コンフィグを編集したら再起動しておきましょう。
$ systemctl restart smb
OpenLDAPのコマンドにも対応しておく
ldapsearchとか使いたいやん_(:3」∠)_
$ cp 証明書置き場/rootCA.crt /etc/openldap/certs/rootCA.crt
# ldapsearchを実行するユーザーが使うので一般ユーザーも読み取り可能にしておく
# 証明書(公開鍵)なので見られてもOK
$ chmod 644 /etc/openldap/certs/rootCA.crt
TLS_REQCERT
をdemand
にするかコメントアウトして、ldap.conf
のTLS_CACERT
にオレオレルートCA証明書を設定しておきます。
TLS_REQCERT demand
TLS_CACERT /etc/openldap/certs/rootCA.crt
これでladapsearchコマンドも使えるはずです。ただしTLSアクセスするときは証明書に登録したhost名でないとエラーがでます。

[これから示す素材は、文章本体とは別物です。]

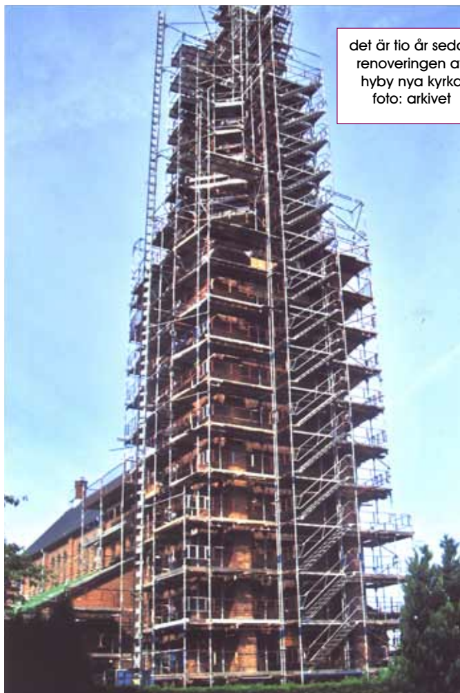
det är tio år sedan renoveringen av hyby nya kyrka

$ ldapsearch -x -H ldaps://minipc.home:636 -b "" -s base
他のLinuxPCからログインできるか試してみる
Fedora atomic(Sway Spin)からLDAPのユーザーでログインできるか試してみます。
まずはSSSDのインストール
$ rpm-ostree install sssd sssd-tools sssd-ldap
$ systemctl reboot
sssd.confの設定
[sssd]
services = nss, pam
domains = default
[domain/default]
ldap_uri = ldaps://minipc.home:636
ldap_tls_reqcert = demand
ldap_tls_cacert = /etc/sssd/rootCA.crt
ldap_search_base = ou=Users,dc=home
ldap_default_bind_dn = cn=Directory Manager
id_provider = ldap
auth_provider = ldap
ldapアクセス用のパスワード設定
$ sss_obfuscate --domain=default
SSSDの起動
# パーミッションは600か640で
$ chmod 640 /etc/sssd/sssd.conf
$ systemctl start sssd
PAMに適用
$ authselect select sssd
$ systemctl reboot
LDAP経由でシステムにいないユーザーでログインできた!
けど、Swayでfootが上手く動きませんでした/(^o^)\
証明書の更新
証明書の期限切れやホスト名を変更したときは証明書を更新する必要があります。
CSR((サーバー証明書署名要求)の更新
RootCAの署名をもらうときに使うファイルで、LDAPサーバのホスト名の変更等があった場合は作り直します。
[req]
req_extensions = v3_req
prompt = no
distinguished_name = req_distinguished_name
[req_distinguished_name]
C = JP
ST = Shimane
L = Masuda
O = MyHome
CN = minipc.home
[v3_req]
basicConstraints = CA:FALSE
keyUsage = digitalSignature, keyEncipherment
extendedKeyUsage = serverAuth
subjectAltName = @alt_names
[alt_names]
DNS.1 = minipc.home
DNS.2 = minipc-wifi.home
IP.1 = 192.168.x.x
$ openssl req -new -key server.key -out server.csr -config san.cnf
Server証明書の更新
RootCAの署名をもらってServer証明書を作成します。
$ openssl x509 -req -in server.csr -CA rootCA.crt -CAkey rootCA.key -CAcreateserial -out server.crt -days 365 -sha256 -extfi
le san.cnf -extensions v3_req
386DSで使うp12形式に変換します。
$ openssl pkcs12 -export -out server.p12 -inkey server.key -in server.crt -name minipc-server
389DSに登録した証明書を更新
一旦古い証明書を削除してから登録し直します。削除しないと二重で登録されます。
# 確認
$ certutil -L -d /etc/dirsrv/<インスタンス名>
# 削除
$ certutil -D -n <登録名> -d /etc/dirsrv/<インスタンス名>
# 登録
$ pk12util -i server.p12 -d /etc/dirsrv/<インスタンス名> -n <登録名>
サーバを再起動すれば更新したものが有効になります。